Create a notebook under -> nbs/Load_Unload.ipynb

mode = "unload"

if mode == 'unload':
    # Zip all files in the current directory
    !tar chvfz notebook.tar.gz *

elif mode == 'load:
    # Unzip all files in the current directory
    !!tar -xv -f notebook.tar.gz

Bonus Installs

You might need additional packages (like numpy or pandas or opencv) in your project.

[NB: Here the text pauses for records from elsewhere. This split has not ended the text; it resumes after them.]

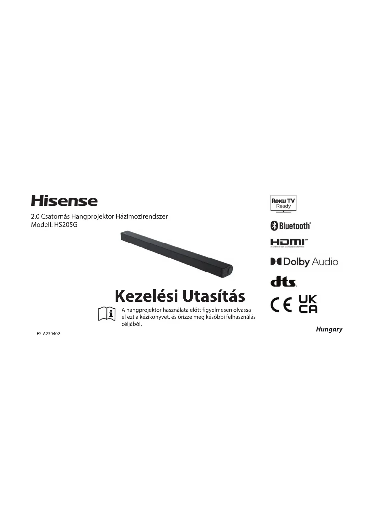 HASZNÁLATI ÚTMUTATÓ HS205G HISENSE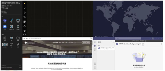 SimpleShare软件搭配Pana绘景显示屏具有非常灵活的布局体验,在本地会议的时候,用户可以轻松的同时打开浏览器,白板等多个窗口,书写、批注、存储、分享、多种功能随心使用,不用担心互相遮挡和来回调用的麻烦。在与异地会议时,它集成了丰富的会议软件,瞩目云视频,腾讯会议、zoom等,都可一键开启。共享屏幕、双向发表不同意见、诸多功能集于一体。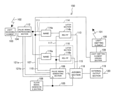 Technical Solution: OMRON has developed a comprehensive approach to light interference resilience in their sensing technologies. Their B5W Light Convergent Reflective Sensor series utilizes a unique optical design with specialized convergent lens technology that focuses emitted light to a precise detection point, significantly reducing the impact of ambient light interference. The sensors incorporate proprietary I-CT (Interference-Cancellation Technology) that employs dual-wavelength sensing with synchronized detection to effectively eliminate environmental light noise. OMRON's proximity sensors feature advanced signal conditioning circuits with programmable threshold adjustments that can be calibrated for specific operating environments. Additionally, they've implemented pulsed modulation techniques with frequency discrimination to distinguish between the sensor's emitted signal and ambient light sources. Their latest generation sensors also incorporate temperature compensation mechanisms to maintain consistent performance across varying environmental conditions, addressing thermal drift issues that can affect detection reliability in challenging lighting scenarios[5][7].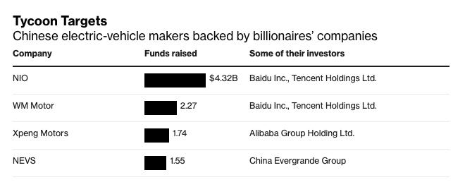 中国富豪马云、马化腾、李彦宏、许家印的旗舰公司赌定,电动汽车将成为“带轮子的智能机”,能够把乘客连接到公司的其他业务上。但是如今,他们越来越难以从这一押注中谋取利润。他们的注资,以及总计融资180亿美元的数十家创业公司一起加剧了电动汽车泡沫。现在,这一泡沫似乎陷入了将要破裂的危险境地。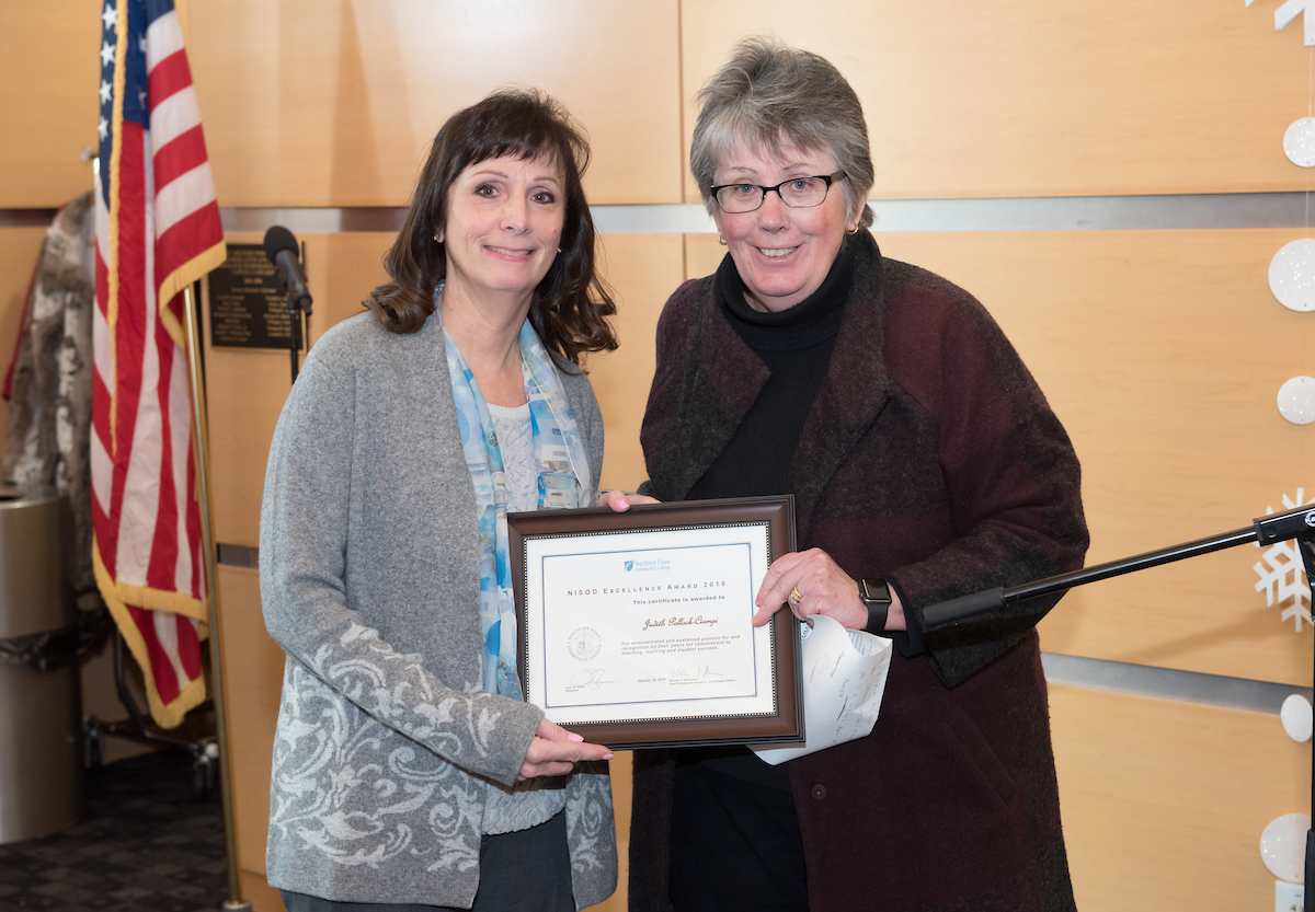 - Trish Machado accepts NISOD honor from Judith Zubrow.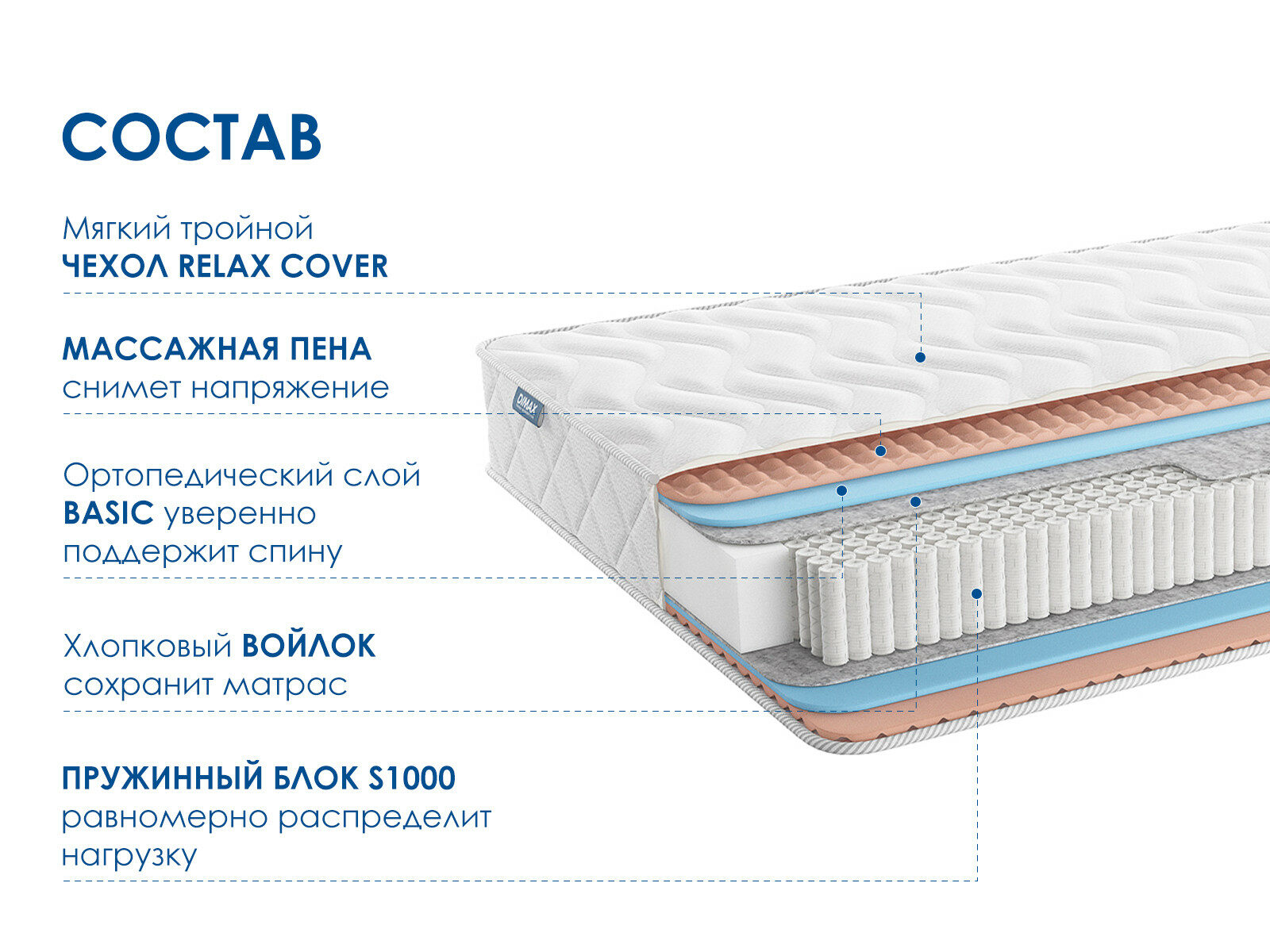 Массажный матрас Димакс Relmas Foam S1000 – одна из самых мягких моделей серии. Изделие отличается усиленной поддержкой благодаря независимому пружинному блоку и качественным гипоаллергенным материалам.

Here's what you need to do in your Dockerfile, (on our repo the final docker file is listed as Dockerfile.Bonus) just update it to the following:

FROM python:3.8.2-slim

ENV APP_HOME /app
WORKDIR ${APP_HOME}

COPY . ./

# Install Ubuntu dependencies
# libopencv-dev = opencv dependencies
RUN apt-get update && apt-get install -y --no-install-recommends \
        tzdata \
        libopencv-dev \ 
        build-essential \
        libssl-dev \
        libpq-dev \
        libcurl4-gnutls-dev \
        libexpat1-dev \
        gettext \
        unzip \
        supervisor \
        python3-setuptools \
        python3-pip \
        python3-dev \
        python3-venv \
        python3-urllib3 \
        git \
        && \
    apt-get clean && \
    rm -rf /var/lib/apt/lists/*

# Upgrade PIP
RUN pip install pip pipenv --upgrade

# sklearn opencv, numpy, and pandas
RUN pip install scikit-learn opencv-contrib-python numpy pandas

# tensorflow (including Keras)
RUN pip install tensorflow keras

# pytorch (cpu)
RUN apt-get update && apt-get -y install gcc mono-mcs && rm -rf /var/lib/apt/lists/*
RUN pip install torch==1.5.0+cpu torchvision==0.6.0+cpu -f https://download.pytorch.org/whl/torch_stable.html

# fastai
RUN pip install fastai

# Project installs
RUN pipenv install --skip-lock --system --dev


CMD ["./scripts/entrypoint.sh"]